Back in January, I flunked out of platelet donation, when my veins were too skinny for the one-needle machine. I tried again this morning, dropping by the American Red Cross center behind Senora’s. The staff was really nice, and we jumped through all the absurd medical hoops together: “Mister Young, sir, are you male or female?” the phlebotomist asked me during the computerized interview, looking as apologetic as I’ve ever seen a phlebotomist look (not very.) I looked startled, and almost dropped my Georgia O’Keeffe mug, which would have spilled Red Zinger all over my sensible shoes.
Anyhow, with all the questions out of the way, they put me on the two-arm machine, this time, and they gave me the Elite Phlebotomist Team, the ones with their own roll-y carts with their names on them: “Hazel’s cart DO NOT TOUCH!”, one Elite Phlebotomist per arm, and the whole thing went very smoothly this time. It was a lot harder than I remember it being, though — I got pretty cold (though they were really nice with the blankets), and the anticoagulant made my lips tingle a lot (though they fed me Tums), but overall it was just… harder than I remember it being five years ago.
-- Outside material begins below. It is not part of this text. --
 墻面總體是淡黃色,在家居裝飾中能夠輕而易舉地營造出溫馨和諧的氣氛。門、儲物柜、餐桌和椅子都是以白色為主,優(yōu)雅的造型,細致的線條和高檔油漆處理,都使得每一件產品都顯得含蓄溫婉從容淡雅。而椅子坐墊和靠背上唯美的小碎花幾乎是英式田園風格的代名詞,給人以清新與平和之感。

I did it on an empty stomach, though. I think I’ll try ONE more time after some breakfast, and see if that helps. On the plus side, you get bandages on each forearm, which is a societally-approved way to get that hawt, hawt duelling armbands look.
2 responses to “I finally passed the Platelet Bar”
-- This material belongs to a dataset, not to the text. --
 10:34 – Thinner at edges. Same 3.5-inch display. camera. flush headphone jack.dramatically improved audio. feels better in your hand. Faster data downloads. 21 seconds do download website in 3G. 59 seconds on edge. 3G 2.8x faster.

Nice job John. I used to give blood every 56 days or whatever the time frame is. Then I got lazy. The red cross calls me, no lie, every day! You have inspired me so I think I’ll call them and see if they have an opening tonight.
I’ve never done the platelet thing. It just looks like it takes too much time. I just want them to tap my veins, give me some cookies and send me on my way.
Free cookies – check
3 lives saved – check
Sweet “Kiss me, I gave blood today” sticker – double check
Thanks! I actually recommend trying donating platelets just once, because just think! All the blood leaves your body, is run through a machine, and put back into you! You can spend the rest of the day pretending to now be a sleeper agent for our machine overlords. “Honey, can I pour you some fortyweight oi- MILK I MEAN MILK BECAUSE HUMANS DRINK MILK?”
Okay, that’s actually probably the worst possible reason to donate platelets. It’s a good excuse to watch most of a bad movie? I finally got to see the first half of MI:III.